Categories of the immune response
The immune system is a multifaceted system of cells and molecules with specialized tasks in defending the organism from external agents, infectious or toxic. Moreover, the immune system plays a pivotal role in maintaining antigenic homeostasis in the body. Two types of responses to invading organisms can take place: an acute response launched within hours, and a delayed response occurring within days. The immediately responding system is termed innate immune system, and it evolves stereotypically and at the same magnitude regardless how often the infectious agent is encountered.
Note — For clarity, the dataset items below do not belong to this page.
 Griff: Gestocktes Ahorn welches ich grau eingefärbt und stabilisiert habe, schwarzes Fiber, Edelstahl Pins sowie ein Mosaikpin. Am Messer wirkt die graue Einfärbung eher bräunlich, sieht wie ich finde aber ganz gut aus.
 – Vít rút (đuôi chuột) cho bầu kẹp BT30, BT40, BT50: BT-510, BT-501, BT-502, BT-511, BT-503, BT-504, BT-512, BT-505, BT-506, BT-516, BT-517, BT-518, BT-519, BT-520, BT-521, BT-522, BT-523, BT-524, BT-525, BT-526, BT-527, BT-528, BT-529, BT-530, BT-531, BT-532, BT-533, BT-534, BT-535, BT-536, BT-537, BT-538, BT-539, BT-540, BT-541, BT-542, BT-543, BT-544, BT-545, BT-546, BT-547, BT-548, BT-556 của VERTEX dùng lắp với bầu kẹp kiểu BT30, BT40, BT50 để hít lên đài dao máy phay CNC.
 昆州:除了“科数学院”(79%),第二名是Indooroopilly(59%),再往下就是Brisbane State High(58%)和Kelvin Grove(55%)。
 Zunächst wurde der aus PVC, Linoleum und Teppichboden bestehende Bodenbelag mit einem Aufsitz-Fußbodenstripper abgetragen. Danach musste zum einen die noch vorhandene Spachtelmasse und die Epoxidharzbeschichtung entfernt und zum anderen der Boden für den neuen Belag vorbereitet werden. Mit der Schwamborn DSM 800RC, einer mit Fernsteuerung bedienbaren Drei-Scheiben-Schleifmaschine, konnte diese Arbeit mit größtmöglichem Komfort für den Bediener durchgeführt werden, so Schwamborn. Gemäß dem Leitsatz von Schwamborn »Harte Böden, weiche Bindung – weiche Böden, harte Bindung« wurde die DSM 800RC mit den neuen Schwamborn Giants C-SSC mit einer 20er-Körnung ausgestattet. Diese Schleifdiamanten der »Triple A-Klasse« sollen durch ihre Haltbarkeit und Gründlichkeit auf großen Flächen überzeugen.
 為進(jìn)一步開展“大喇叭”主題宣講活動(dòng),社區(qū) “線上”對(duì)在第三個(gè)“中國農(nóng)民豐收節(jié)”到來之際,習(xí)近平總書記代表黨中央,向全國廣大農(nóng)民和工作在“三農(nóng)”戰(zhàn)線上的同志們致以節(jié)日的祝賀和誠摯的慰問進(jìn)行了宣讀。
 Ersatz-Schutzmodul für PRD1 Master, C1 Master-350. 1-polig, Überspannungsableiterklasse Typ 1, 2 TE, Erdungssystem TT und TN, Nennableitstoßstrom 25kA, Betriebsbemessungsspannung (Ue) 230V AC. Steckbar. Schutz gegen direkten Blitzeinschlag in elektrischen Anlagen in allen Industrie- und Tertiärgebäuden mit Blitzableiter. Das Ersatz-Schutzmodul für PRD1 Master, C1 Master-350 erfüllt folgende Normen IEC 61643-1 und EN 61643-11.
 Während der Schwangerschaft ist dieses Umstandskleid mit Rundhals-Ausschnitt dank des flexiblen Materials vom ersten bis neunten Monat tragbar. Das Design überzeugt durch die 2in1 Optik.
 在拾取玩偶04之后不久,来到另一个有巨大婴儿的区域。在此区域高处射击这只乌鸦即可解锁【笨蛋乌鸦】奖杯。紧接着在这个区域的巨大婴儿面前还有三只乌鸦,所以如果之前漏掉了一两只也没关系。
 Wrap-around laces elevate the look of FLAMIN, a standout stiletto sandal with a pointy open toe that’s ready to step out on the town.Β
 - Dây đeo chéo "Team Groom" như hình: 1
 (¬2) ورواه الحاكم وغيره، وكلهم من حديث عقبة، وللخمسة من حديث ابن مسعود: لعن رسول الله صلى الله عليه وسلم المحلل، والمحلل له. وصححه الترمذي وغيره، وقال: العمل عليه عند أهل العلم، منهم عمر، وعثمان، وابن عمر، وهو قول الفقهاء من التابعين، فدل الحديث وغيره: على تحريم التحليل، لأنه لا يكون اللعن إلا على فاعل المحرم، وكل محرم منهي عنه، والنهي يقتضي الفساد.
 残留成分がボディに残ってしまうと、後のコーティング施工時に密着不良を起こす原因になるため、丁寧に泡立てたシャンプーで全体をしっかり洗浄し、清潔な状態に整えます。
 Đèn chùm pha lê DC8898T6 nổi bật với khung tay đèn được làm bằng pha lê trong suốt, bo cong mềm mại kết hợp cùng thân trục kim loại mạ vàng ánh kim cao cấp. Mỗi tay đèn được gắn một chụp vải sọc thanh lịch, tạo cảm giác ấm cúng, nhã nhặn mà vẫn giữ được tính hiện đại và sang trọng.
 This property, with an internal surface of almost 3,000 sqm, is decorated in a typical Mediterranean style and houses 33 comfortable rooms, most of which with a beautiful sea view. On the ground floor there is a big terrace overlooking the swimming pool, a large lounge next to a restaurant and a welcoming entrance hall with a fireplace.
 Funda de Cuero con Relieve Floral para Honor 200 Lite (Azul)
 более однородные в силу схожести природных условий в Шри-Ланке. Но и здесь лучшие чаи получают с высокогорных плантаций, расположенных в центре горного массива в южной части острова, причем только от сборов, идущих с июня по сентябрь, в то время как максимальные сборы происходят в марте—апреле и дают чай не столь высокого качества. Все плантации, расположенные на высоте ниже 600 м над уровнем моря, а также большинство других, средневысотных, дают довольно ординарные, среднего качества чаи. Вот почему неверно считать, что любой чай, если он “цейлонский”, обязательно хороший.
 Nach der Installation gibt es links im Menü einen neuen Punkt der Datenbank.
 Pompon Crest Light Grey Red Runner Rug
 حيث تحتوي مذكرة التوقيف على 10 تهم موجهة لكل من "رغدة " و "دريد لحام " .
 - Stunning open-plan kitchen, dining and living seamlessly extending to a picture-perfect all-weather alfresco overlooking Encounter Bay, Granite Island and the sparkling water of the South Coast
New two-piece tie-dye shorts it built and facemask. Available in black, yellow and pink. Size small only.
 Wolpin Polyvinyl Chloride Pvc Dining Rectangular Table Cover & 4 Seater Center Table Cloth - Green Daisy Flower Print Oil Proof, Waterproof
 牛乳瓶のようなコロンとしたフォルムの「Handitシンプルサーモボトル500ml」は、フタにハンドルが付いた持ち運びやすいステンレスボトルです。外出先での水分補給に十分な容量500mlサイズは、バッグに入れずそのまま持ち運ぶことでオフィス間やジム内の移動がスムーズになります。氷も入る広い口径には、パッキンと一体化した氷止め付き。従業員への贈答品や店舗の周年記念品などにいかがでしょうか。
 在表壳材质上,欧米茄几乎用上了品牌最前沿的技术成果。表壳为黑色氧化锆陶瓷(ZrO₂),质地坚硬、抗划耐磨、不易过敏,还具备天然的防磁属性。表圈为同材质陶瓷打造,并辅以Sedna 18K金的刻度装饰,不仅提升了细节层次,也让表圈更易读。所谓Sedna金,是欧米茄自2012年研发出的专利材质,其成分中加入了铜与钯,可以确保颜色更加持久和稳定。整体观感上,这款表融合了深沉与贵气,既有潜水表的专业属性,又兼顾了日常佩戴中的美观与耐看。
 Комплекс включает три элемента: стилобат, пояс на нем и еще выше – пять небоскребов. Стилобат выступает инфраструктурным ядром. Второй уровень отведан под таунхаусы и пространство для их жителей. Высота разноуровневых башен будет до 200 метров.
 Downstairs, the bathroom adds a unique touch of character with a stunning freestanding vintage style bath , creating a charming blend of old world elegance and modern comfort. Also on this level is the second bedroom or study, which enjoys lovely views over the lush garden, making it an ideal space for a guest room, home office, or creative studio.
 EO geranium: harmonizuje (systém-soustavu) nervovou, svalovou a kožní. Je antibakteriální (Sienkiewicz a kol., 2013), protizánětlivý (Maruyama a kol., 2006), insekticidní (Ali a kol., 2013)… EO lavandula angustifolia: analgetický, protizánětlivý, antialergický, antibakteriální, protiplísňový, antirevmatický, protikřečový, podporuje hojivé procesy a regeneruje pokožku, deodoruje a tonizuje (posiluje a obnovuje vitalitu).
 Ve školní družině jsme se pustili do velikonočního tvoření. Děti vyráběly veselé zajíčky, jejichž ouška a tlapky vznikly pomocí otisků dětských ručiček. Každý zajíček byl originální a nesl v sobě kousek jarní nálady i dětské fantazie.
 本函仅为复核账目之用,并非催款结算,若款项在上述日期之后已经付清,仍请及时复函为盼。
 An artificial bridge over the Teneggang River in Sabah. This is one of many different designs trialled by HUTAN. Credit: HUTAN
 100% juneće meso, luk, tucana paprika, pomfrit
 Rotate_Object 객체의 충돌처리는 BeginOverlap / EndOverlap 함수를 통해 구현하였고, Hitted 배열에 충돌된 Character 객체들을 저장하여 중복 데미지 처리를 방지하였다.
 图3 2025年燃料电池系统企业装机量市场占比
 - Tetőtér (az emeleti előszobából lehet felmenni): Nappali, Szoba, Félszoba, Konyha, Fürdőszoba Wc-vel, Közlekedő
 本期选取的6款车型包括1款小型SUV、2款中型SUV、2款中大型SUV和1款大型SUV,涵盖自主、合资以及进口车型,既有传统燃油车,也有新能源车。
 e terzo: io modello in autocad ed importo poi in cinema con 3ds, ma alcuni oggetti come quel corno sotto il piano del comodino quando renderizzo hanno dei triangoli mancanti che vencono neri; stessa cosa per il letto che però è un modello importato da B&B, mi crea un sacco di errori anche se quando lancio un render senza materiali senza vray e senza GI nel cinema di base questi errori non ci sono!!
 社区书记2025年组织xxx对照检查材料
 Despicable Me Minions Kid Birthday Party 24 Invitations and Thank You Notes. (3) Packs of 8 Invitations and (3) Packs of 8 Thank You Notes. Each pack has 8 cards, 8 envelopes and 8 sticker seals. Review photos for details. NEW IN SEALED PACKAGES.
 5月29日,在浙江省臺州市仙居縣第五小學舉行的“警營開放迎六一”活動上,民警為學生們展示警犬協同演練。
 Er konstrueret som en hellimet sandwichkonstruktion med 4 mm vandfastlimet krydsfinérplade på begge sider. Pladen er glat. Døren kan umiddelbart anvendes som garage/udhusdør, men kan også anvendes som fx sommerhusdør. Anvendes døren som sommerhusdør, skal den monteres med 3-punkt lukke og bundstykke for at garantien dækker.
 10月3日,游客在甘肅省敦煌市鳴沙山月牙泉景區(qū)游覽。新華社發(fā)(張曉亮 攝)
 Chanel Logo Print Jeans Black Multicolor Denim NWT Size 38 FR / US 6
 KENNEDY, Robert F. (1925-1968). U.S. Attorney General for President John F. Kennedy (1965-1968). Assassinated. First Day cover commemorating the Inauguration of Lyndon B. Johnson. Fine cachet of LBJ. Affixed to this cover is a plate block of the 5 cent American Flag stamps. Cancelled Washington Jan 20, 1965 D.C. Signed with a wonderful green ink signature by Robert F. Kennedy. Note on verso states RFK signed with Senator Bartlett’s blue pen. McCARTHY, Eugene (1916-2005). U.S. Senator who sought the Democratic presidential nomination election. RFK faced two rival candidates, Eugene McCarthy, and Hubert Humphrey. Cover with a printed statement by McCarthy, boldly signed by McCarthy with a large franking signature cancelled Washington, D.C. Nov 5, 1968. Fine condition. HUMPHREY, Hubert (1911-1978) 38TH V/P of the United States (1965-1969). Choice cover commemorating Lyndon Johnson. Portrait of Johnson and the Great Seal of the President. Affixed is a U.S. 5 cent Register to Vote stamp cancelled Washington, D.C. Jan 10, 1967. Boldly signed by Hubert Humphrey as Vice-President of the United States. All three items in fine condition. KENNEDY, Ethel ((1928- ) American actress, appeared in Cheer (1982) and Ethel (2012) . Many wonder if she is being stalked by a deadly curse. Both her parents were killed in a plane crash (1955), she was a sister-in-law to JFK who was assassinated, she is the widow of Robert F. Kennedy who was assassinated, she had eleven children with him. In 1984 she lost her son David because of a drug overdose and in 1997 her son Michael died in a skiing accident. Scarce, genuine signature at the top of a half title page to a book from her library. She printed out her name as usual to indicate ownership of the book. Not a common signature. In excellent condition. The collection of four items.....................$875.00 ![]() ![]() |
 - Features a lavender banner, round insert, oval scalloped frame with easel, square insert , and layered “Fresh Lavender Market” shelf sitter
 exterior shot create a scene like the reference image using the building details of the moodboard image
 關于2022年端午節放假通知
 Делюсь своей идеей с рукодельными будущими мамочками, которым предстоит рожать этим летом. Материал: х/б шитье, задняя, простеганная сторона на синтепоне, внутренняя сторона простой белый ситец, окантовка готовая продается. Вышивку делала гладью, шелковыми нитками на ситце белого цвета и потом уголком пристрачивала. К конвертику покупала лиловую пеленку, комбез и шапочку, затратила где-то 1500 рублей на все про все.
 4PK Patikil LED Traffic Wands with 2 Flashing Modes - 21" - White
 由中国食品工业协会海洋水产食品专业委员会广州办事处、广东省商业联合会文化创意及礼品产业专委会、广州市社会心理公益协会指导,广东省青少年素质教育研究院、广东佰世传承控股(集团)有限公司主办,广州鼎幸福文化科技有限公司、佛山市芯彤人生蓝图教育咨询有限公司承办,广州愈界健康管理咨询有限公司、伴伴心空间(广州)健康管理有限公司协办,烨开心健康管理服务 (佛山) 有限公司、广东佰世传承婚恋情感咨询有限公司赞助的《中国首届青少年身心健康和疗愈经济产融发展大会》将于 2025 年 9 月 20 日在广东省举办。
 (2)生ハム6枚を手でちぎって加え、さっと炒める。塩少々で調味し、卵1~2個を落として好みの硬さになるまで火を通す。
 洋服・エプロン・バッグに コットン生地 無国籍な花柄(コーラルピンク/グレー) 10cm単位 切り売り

In contrast, a more delayed response is delivered by the adaptive or acquired immune system and provides a more specific immunologic reaction which improves in efficiency on repeated exposure to a given infective agent, capitalizing on the formation of immunological memory. The immune system has traditionally been divided into innate and adaptive systems, each containing different cellular and molecular components. The main distinction between these two systems lies in the mechanisms and receptors used for immune recognition. These two systems are not separated, but are functionally connected allowing for intensive interactions (Carroll & Prodeus, 1998; Ochsenbein & Zinkernagel, 2000).
The innate immune system
During evolution, the innate immune system appeared before the adaptive immune system, and some form of innate immunity probably exists in all multicellular organisms. Characteristically, innate immune responses consist of all the immune defence mechanisms that do not require immunologic memory. Genetically, the molecular mediators and their receptors are highly conserved between species as far apart as Caenorhabditis elegans, Drosophila, and mammals.